In modern high-end audio and home theater systems audio cables—interconnect cables, used to connect various components such as a CD player and an amplifier and loudspeaker cables, used to connect loudspeakers to the amplifier—are playing a major role, substantially affecting the listening experience of audiophiles and, therefore, the overall performance of the high-end system. As a result, the manufacture of high-end audio cables has developed into a multi-million dollar per year industry.
Using state of the art electrical engineering knowledge of transmission-line characteristics and, in particular, LRC—inductance, resistance, and capacitance—values of cables it is impossible to explain that an experienced listener is able to perceive differences in the listening experience when listening to a same high-end audio system but using different audio cables for connecting the various components.
However, it is known that an experienced listener is able to perceive very subtle distortions of the phase coherence of an audio signal, which is caused by very subtle phase shift effects experienced by high frequency components of an audio signal while traveling through the cable affecting the harmonics and the envelope of the waveform of the audio signal.
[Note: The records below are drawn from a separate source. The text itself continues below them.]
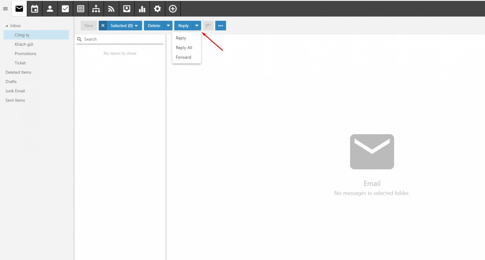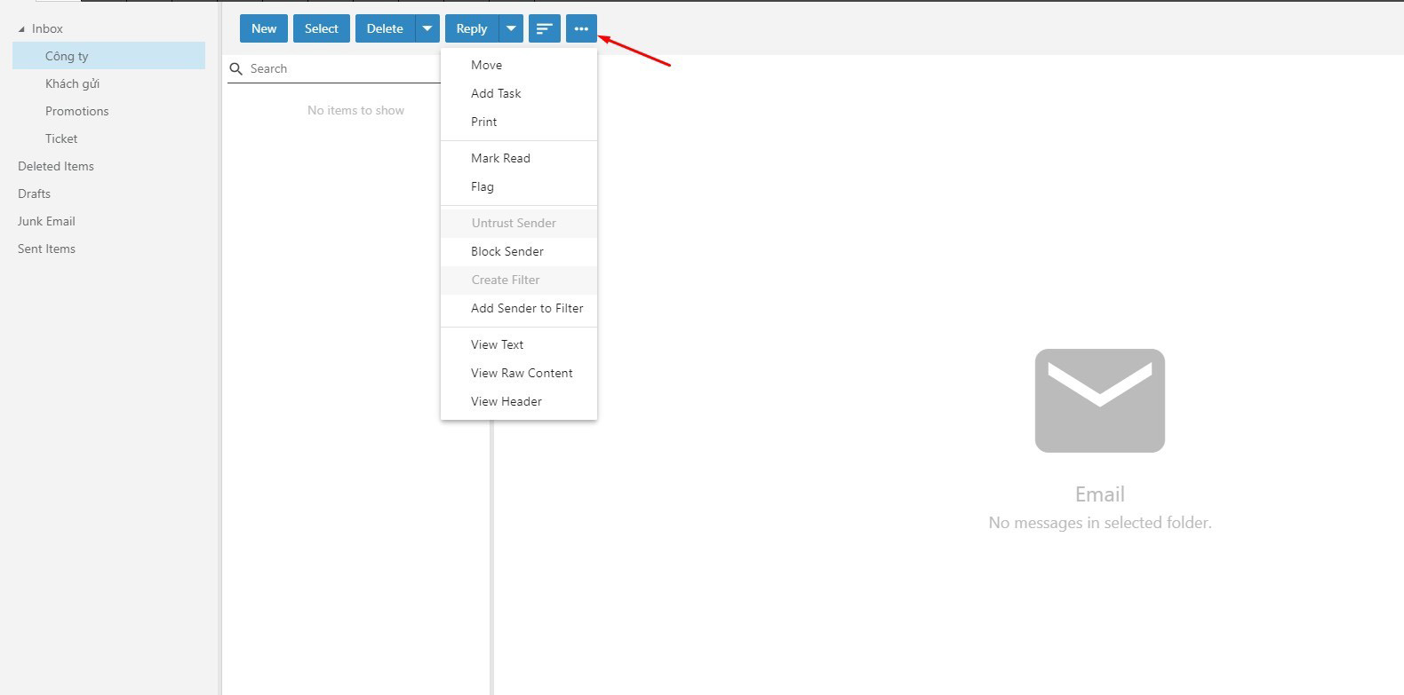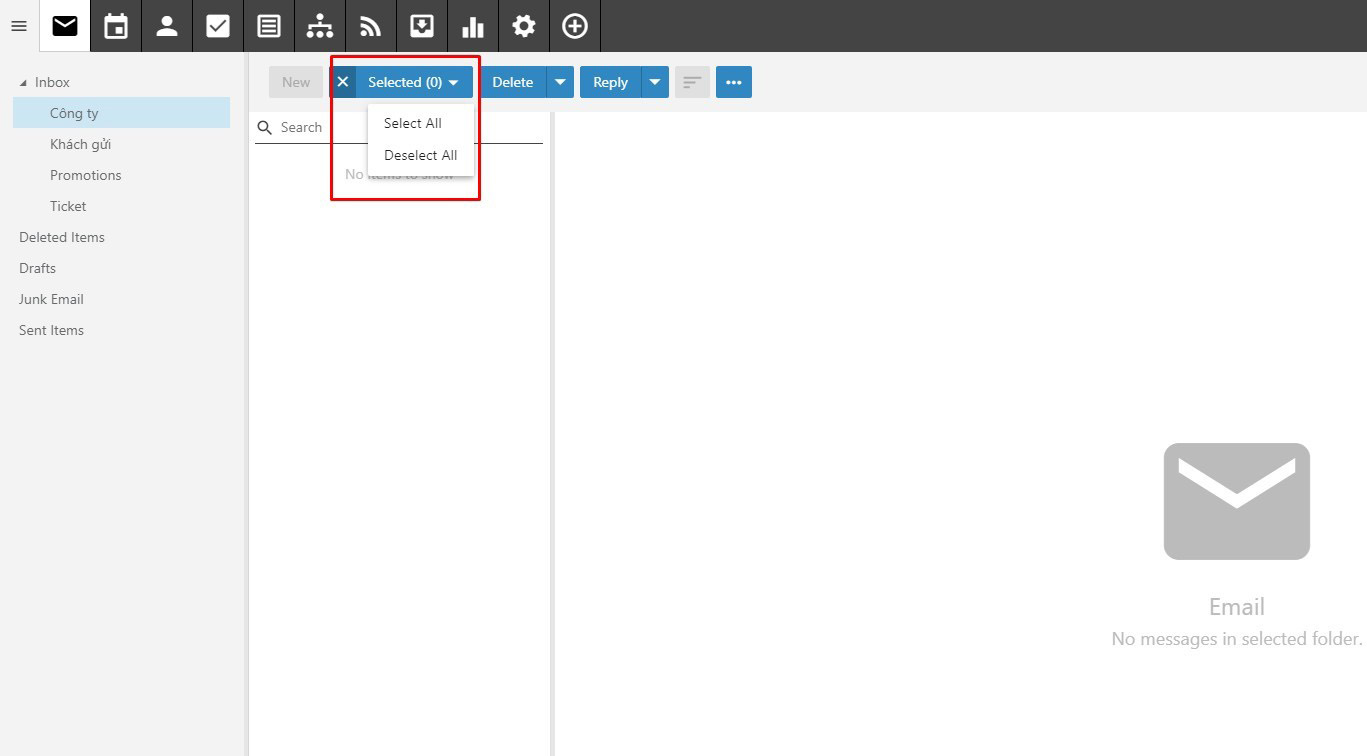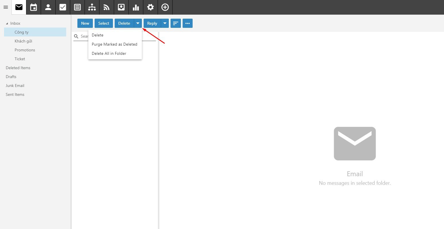 - Delete All in Folder: Xóa toàn bộ mail trong thư mục hiện tại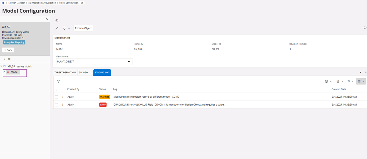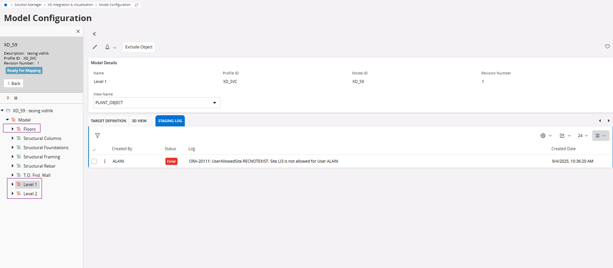 You can view the 3D View and the Staging Log related to each object by expanding the parent nodes and traversing the structure as shown below.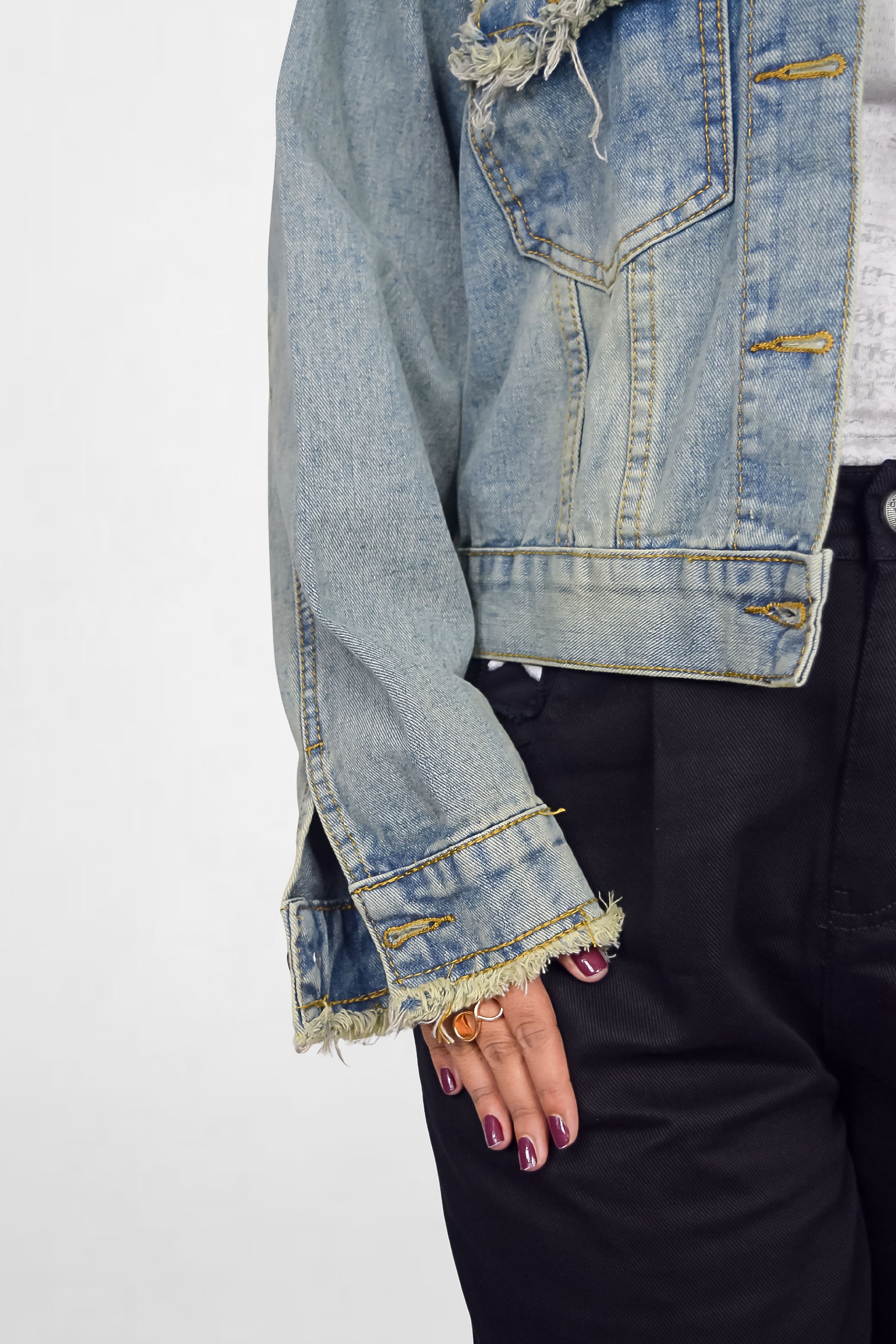 - Bold Distinction – This rugged denim jacket stands out with its frayed detailing and raw-edge finish, giving it that effortlessly cool, worn-in vibe. The contrast stitching and vintage wash add a touch of rebellious flair to a timeless silhouette.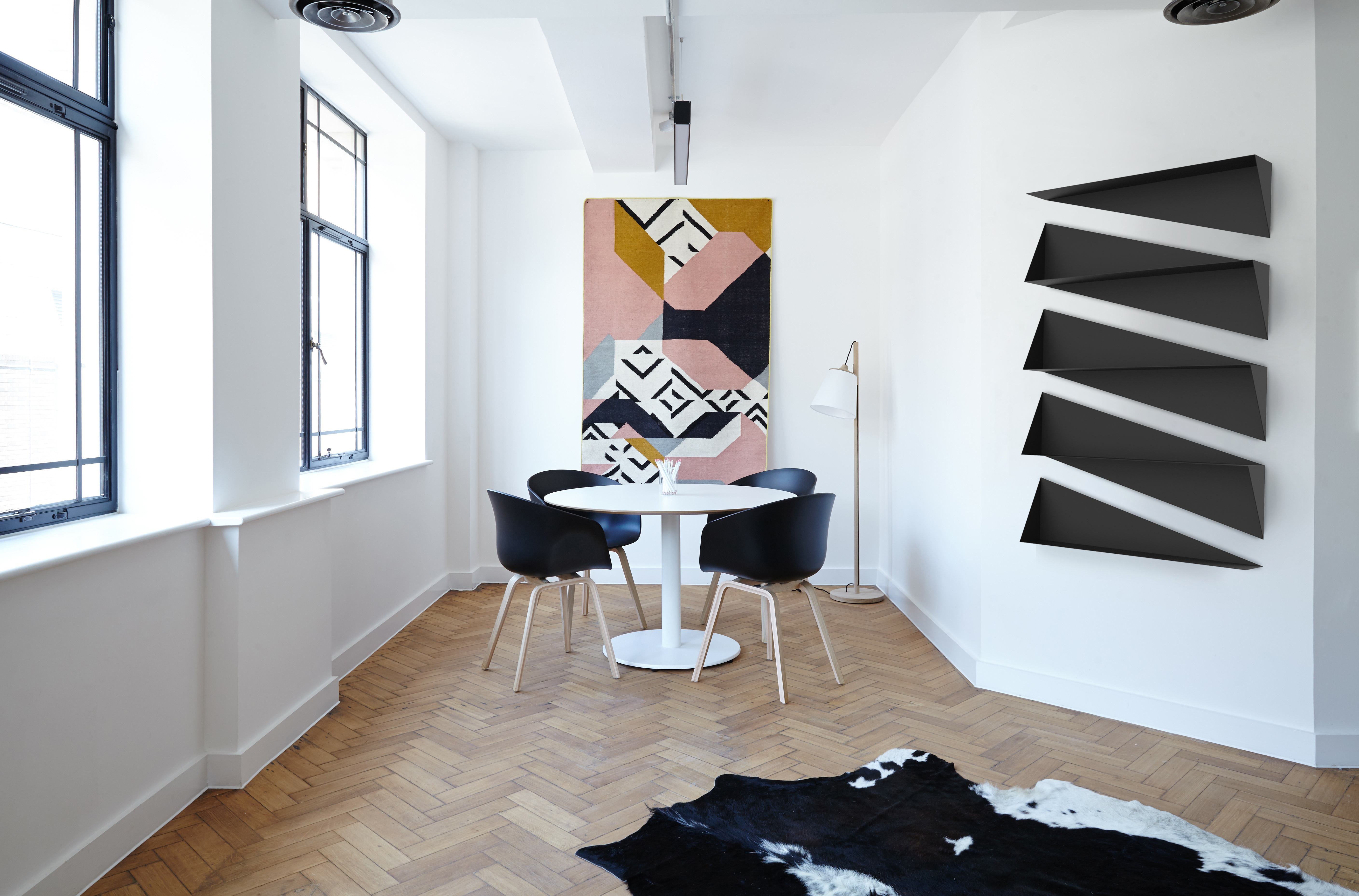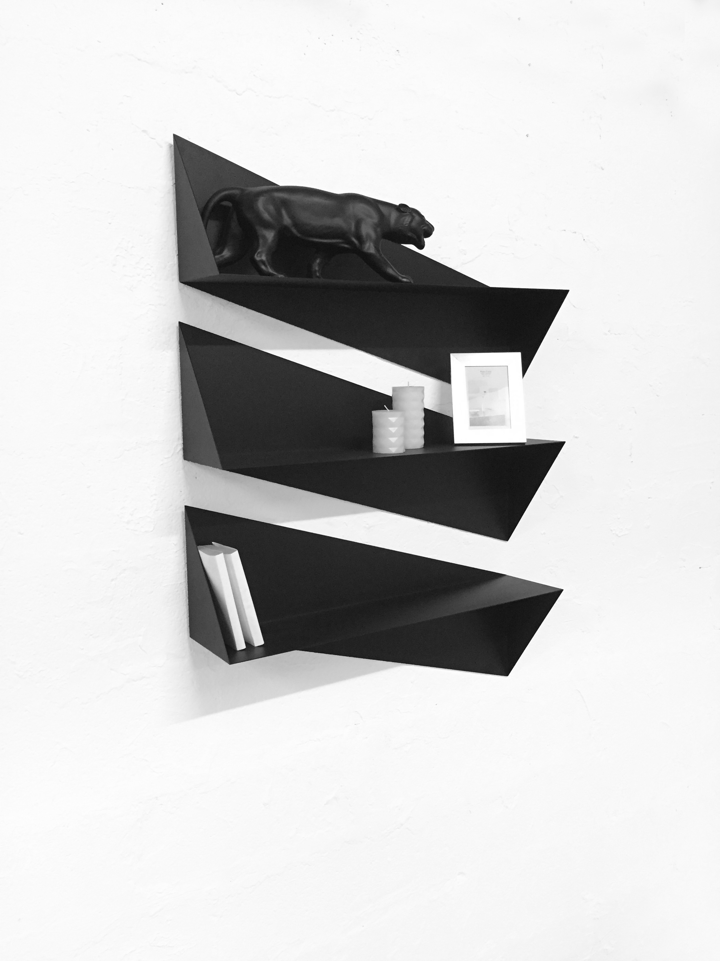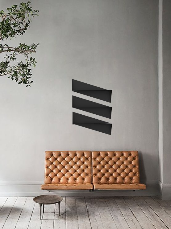L’étagère vient rompre nos habitudes visuelles et impact par son illusion d’inclinaison.

Numerous attempts have been made in order to minimize the effects of the cable on the phase coherence of the transmitted audio signal using, for example, different shapes such as “flat ribbon” cables and different materials such as “oxygen free copper” and silver. Unfortunately, while improvements have been achieved there is still a need for reducing the effects of the audio cable on the phase coherence of the transmitted audio signal.
It would be desirable to provide an electrical transmission cable that substantially preserves the phase coherence of the signal transmitted therethrough.